Its the same question as: 'do these stairs go up as well as down' or 'what time is the midnight buffet'...and they are both real questions on cruise liners....


----------



## Stevesolar (Dec 21, 2012)

When is Expo 2020?


----------



## Fat Bhoy Tim (Feb 28, 2013)

cautious_mover said:


> Its the same question as: 'do these stairs go up as well as down' or 'what time is the midnight buffet'...and they are both real questions on cruise liners....
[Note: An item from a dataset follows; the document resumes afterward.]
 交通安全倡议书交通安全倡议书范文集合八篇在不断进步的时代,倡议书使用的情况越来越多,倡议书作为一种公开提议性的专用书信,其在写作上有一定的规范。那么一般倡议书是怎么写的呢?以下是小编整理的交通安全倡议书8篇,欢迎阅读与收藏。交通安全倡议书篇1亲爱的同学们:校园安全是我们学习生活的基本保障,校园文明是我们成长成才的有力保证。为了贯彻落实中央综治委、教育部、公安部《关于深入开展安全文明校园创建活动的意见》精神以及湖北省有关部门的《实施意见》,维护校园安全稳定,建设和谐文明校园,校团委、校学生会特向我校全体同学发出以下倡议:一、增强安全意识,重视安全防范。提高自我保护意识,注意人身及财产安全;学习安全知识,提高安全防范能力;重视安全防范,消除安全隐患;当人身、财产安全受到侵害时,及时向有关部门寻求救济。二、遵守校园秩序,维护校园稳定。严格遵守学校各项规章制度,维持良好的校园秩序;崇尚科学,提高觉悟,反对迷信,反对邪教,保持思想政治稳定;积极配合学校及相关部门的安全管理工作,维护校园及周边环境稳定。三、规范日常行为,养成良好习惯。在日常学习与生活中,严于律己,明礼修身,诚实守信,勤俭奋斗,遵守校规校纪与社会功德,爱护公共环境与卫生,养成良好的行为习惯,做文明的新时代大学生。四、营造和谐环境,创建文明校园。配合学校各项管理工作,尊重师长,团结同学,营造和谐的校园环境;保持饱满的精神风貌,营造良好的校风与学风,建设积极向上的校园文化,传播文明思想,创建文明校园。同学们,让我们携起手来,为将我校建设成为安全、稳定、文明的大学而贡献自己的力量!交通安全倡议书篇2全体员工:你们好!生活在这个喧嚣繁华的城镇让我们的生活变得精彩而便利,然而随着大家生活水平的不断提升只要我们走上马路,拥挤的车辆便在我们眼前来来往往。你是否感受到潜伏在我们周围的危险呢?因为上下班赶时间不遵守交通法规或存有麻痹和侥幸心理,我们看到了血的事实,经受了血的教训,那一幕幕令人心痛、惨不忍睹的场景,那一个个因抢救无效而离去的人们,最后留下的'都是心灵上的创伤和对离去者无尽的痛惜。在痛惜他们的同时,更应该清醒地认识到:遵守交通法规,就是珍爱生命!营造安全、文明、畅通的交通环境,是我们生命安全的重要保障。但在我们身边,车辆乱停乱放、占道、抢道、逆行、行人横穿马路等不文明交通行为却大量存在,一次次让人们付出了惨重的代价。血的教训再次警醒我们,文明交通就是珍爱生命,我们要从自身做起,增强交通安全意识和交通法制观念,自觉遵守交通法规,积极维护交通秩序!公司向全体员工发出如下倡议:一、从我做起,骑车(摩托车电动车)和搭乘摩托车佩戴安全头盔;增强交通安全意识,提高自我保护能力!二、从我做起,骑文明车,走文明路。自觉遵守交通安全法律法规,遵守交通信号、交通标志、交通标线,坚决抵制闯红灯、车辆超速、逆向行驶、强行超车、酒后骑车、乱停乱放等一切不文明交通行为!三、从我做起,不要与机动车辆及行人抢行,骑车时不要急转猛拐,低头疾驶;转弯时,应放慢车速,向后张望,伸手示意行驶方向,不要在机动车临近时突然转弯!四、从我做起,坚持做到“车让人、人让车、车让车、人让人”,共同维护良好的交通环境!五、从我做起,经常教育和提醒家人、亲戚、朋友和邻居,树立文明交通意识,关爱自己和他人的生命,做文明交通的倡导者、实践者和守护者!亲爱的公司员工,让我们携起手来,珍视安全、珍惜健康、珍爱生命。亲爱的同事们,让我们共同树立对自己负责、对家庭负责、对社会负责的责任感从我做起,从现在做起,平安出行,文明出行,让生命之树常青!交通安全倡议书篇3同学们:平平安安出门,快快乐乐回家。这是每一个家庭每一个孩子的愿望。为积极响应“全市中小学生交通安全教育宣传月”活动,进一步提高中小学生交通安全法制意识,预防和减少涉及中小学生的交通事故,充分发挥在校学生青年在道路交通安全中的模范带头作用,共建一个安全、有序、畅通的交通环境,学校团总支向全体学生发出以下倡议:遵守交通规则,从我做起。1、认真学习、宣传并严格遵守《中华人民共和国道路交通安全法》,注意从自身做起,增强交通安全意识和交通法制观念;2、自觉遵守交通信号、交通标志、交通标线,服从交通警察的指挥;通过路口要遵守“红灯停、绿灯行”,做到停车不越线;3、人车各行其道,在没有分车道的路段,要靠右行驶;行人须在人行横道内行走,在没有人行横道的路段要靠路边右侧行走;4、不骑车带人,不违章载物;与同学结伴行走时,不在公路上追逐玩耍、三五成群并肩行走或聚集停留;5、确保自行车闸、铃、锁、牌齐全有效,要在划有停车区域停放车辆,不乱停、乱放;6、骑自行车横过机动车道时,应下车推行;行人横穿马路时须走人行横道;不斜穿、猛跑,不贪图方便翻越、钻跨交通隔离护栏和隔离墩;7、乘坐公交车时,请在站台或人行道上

Americans in Edinburgh (embarrassing as I am half-American): what time does the 1 o'clock gun fire?


----------



## expatteacher2014 (Mar 18, 2014)

fat bhoy tim said:


> americans in edinburgh (embarrassing as i am half-american): What time does the 1 o'clock gun fire?


13:00 ... ?


----------



## The Rascal (Aug 6, 2014)

expatteacher2014 said:


> 13:00 ... ?


Atlantic?
Central?
Pacific?
Eastern?
Mountain?


----------



## Mustii (Jul 19, 2014)

The Rascal said:


> Atlantic?
> Central?
> Pacific?
> Eastern?
> Mountain?


Greenwich Mean Time


----------



## LesFroggitts (Dec 30, 2013)

Mustii said:


> Greenwich Mean Time


Dependant upon whether the clocks have moved to BST or GMT - easily confused these 'septics'.


----------



## Fat Bhoy Tim (Feb 28, 2013)

LesFroggitts said:


> Dependant upon whether the clocks have moved to BST or GMT - easily confused these 'septics'.
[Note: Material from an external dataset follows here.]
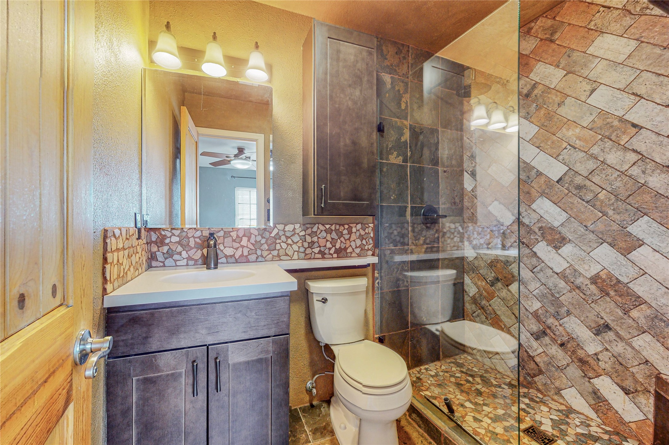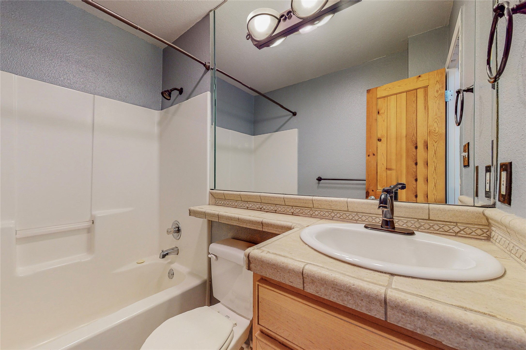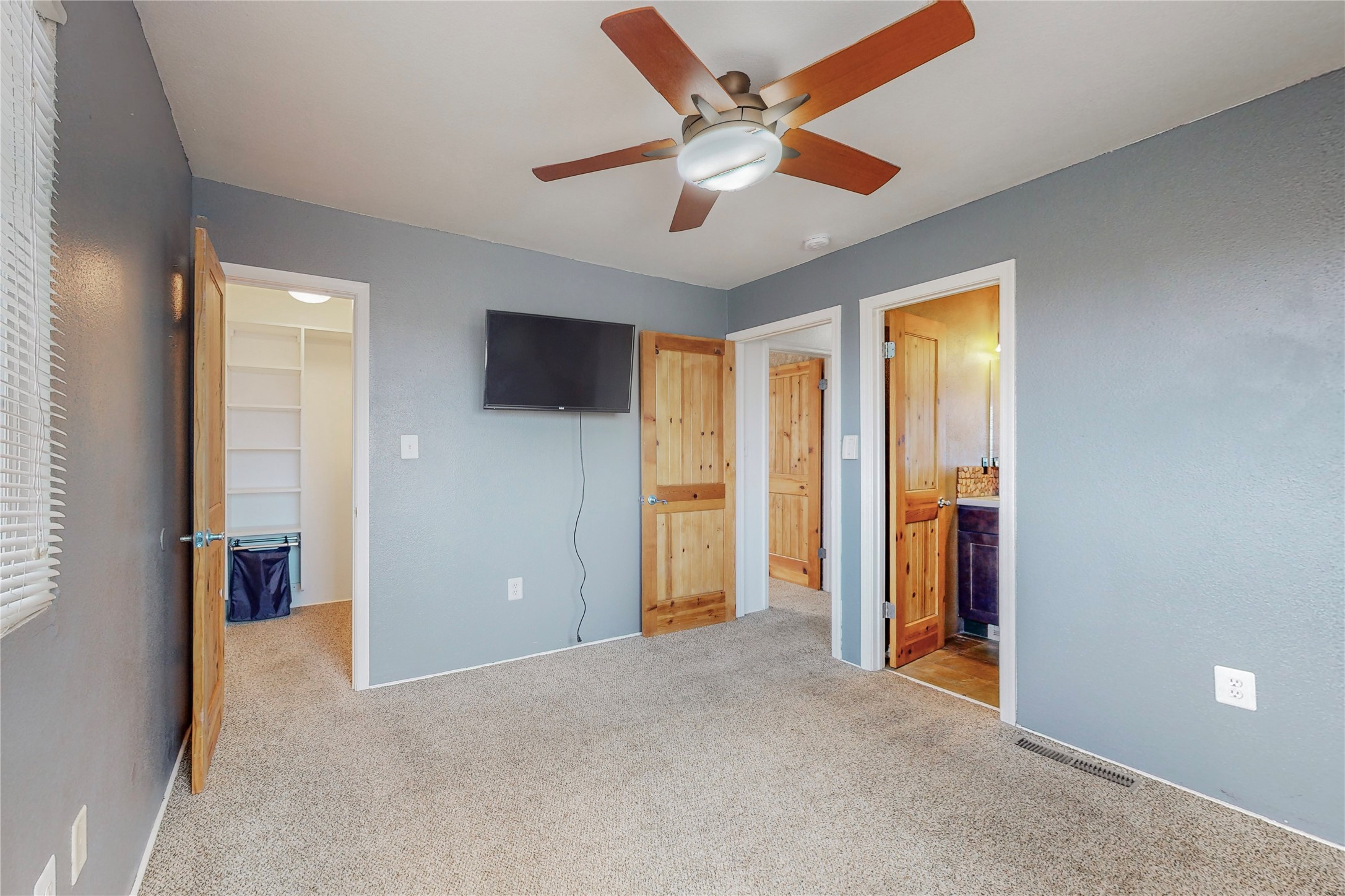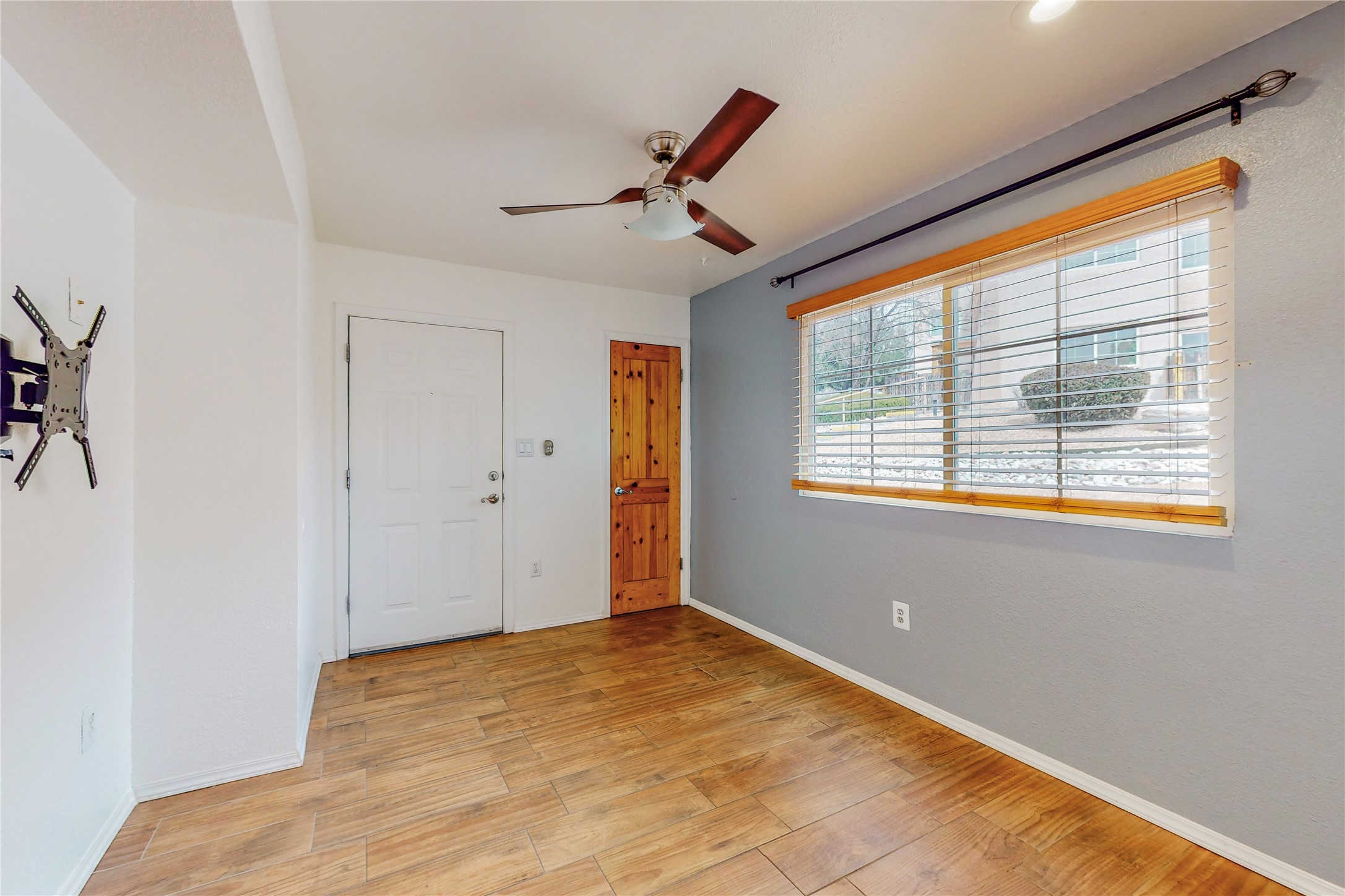 Welcome to 2210 Miguel Chaves! A stunning Santa Fe condo in a premium location, in the gated community of Dos Santos, aptly named for the fantastic central location at the intersection of Saint Francis & Saint Michael's. Enjoy all the community's amenities which includes outdoor grilling, a dog park, a salt water swimming pool, spa and a fitness center! This home is south facing enabling a wide open view! Enter the home to an open, light and bright floor plan laid out with natural wood looking porcelain tile, FULLY UPDATED! All new stainless steel appliances including new WHIRLPOOL stacked washer and dryer. Enjoy a completely redesigned kitchen with a custom farmhouse-style/apron sink made from 99% pure-mined copper with a hammered finish, set on sleek quartz countertops, recessed lighting, glossy white mosaic backsplash and LIVING ART on the wall in the form of a built in fireplace! Find new light fixtures and natural wood doors throughout the home. Each bedroom has a huge walk in closet with set storage space fixed to the walls. Enjoy a fully custom master bathroom equipped with natural stone from the walk in shower to the backsplash. Well maintained, fully updated! This is a MUST SEE!!! Schedule your showing today!

Most things seem to confuse my continental brethren.


----------



## The Rascal (Aug 6, 2014)

Mustii said:


> Greenwich Mean Time


Si the 1pm (GMT) gun actually goes off at 2pm during the summer yes?


----------



## LesFroggitts (Dec 30, 2013)

The Rascal said:


> Si the 1pm (GMT) gun actually goes off at 2pm during the summer yes?
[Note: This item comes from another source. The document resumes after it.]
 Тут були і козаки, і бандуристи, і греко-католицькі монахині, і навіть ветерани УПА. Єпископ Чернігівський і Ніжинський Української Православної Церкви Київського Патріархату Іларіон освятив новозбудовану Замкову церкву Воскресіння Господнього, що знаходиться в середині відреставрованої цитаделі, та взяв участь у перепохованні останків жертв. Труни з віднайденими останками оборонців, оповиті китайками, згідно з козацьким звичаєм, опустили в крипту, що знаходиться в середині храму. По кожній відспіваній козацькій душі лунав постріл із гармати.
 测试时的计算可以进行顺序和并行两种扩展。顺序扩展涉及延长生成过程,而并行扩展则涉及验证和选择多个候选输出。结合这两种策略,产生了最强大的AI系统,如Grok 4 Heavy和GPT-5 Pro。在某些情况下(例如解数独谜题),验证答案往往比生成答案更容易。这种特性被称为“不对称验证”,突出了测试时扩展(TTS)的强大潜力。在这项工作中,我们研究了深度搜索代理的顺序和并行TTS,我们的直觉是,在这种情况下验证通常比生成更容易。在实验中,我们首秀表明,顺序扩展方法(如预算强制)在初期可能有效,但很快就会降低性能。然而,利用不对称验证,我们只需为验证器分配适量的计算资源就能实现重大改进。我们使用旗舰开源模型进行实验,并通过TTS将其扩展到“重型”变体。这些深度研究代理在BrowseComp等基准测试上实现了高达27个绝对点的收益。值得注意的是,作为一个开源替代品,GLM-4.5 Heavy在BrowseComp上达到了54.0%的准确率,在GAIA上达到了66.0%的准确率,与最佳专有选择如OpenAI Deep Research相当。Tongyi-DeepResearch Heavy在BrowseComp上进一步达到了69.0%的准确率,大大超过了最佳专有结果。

According to the Edinburgh castle website it still goes off at 1pm irrespective of whatever 'time-zone/shift' it's in - unless of course it's a Sunday when they can't afford the overtime payments for the man to pull the trigger!


----------



## Fat Bhoy Tim (Feb 28, 2013)

LesFroggitts said:


> According to the Edinburgh castle website it still goes off at 1pm irrespective of whatever 'time-zone/shift' it's in - unless of course it's a Sunday when they can't afford the overtime payments for the man to pull the trigger!


The RA has been trimmed a bit, you know.

British Army: be the best :second:


----------